The question is asking us to evaluate the limit as 𝑥 approaches ∞ of a rational function. We call this a rational function because it’s the quotient of two polynomials. However, it might be difficult to see that this is indeed a rational function. However, remember, if we multiply polynomials together, then we just get a different polynomial. So this is just a quotient of two factored polynomials. Let’s call the polynomial in our numerator 𝑃 of 𝑥 and the polynomial in our denominator 𝑄 of 𝑥. And we know how to evaluate the limit as 𝑥 approaches ∞ of a rational function 𝑃 of 𝑥 divided by 𝑄 of 𝑥.

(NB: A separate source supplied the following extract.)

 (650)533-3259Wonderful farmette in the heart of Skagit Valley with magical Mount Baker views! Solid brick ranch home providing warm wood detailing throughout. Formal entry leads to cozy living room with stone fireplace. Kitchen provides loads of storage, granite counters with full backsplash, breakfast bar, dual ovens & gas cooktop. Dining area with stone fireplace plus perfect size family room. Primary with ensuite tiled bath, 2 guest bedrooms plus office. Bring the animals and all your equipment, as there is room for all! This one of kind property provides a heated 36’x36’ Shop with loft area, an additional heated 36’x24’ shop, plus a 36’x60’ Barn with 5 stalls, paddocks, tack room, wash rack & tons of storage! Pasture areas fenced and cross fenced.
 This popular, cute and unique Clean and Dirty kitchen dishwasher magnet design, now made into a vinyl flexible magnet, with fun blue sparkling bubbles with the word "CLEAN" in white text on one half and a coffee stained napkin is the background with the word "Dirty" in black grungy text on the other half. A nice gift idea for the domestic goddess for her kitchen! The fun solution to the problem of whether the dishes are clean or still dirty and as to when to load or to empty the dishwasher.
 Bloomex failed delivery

First, we want to find the highest power of 𝑥 which appears in our rational function. Second, we want to divide both 𝑃 of 𝑥 and 𝑄 of 𝑥 through by this power of 𝑥. We can then attempt to evaluate the limit of this new function. So let’s apply this method to the limit given to us in the question. We want to find the highest power of 𝑥 which appears in either 𝑃 of 𝑥 or 𝑄 of 𝑥.

We might be tempted to multiply out the expressions given to us in the numerator and the denominator. However, this is not necessary. We can see in our numerator the highest power of 𝑥 will be five 𝑥 squared all squared, which is 25𝑥 to the fourth power. We can do the same in our denominator. We see the highest power of 𝑥 will be 𝑥 multiplied by 𝑥 multiplied by four 𝑥 squared, which is four 𝑥 to the fourth power. So when both 𝑃 of 𝑥 and 𝑄 of 𝑥 are highest power of 𝑥 was 𝑥 to the fourth power.

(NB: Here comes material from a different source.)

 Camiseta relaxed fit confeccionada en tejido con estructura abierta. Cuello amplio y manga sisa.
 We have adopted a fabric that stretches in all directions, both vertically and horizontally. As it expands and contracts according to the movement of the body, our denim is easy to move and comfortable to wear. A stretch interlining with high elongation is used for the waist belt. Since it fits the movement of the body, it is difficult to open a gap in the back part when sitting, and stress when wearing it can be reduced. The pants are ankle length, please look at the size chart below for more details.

Next, we need to divide both 𝑃 of 𝑥 and 𝑄 of 𝑥 through by 𝑥 to the fourth power. In other words, we want to evaluate the limit as 𝑥 approaches ∞ of five 𝑥 squared plus three squared divided by 𝑥 to the fourth power all divided by 𝑥 minus five squared times four 𝑥 squared minus three 𝑥 divided by 𝑥 to the fourth power. Let’s simplify the expression in our numerator and the expression in our denominator. We’ll start with the expression on our numerator, five 𝑥 squared plus three all squared divided by 𝑥 to the fourth power.

We’ll start by rewriting 𝑥 to the fourth power as 𝑥 squared all squared. We can simplify this by using our laws for exponents. 𝑎 to the 𝑛th power divided by 𝑏 to the 𝑛th power is equal to 𝑎 over 𝑏 all raised to the 𝑛th power. This gives us five 𝑥 squared plus three all divided by 𝑥 squared all squared. Now, what we want to do is divide through five 𝑥 squared plus three by 𝑥 squared. And this gives us, inside of our parentheses, five plus three over 𝑥 squared. So that’s the expression in our numerator simplified. Let’s do the same with the expression in our denominator.

We want to simplify 𝑥 minus five squared times four 𝑥 squared minus three 𝑥 all divided by 𝑥 to the fourth power. To do this, we want to divide each factor by the highest power of 𝑥 which it has. In this case, we’ll divide both factors by 𝑥 squared. To divide our first factor through by 𝑥 squared, we’ll use the same law of exponents. This gives us 𝑥 minus five over 𝑥 all squared. And in our second factor, we’ll just divide through by 𝑥 squared. This gives us four minus three divided by 𝑥. We can simplify our first factor by dividing through by 𝑥. 𝑥 minus five all over 𝑥 is equal to one minus five divided by 𝑥.

Now that we’ve simplified both the expression in our numerator and the expression in our denominator, we want to calculate the limit as 𝑥 approaches ∞ of five plus three over 𝑥 squared all squared divided by one minus five over 𝑥 squared times four minus three over 𝑥. And we can evaluate this limit directly. Since 𝑥 is approaching ∞, we can see that three over 𝑥 squared, five over 𝑥, and three over 𝑥 are all approaching zero. That’s because for all three of these terms, their numerator remains constant. However, their denominator is growing without bound. And we can see that our constants five, one, and four are just constants. They don’t change as 𝑥 changes, so their limit is just equal to themselves.

We have to be careful at this point since we need to remember that we’re taking the exponents of some of these factors. Combining this information, this gives us that our limit is equal to five squared divided by one squared times four. And we can calculate this expression to give us 25 divided by four. Therefore, we’ve shown the limit as 𝑥 approaches ∞ of five 𝑥 squared plus three all squared divided by 𝑥 minus five squared times four 𝑥 squared minus three 𝑥 is equal to 25 divided by four.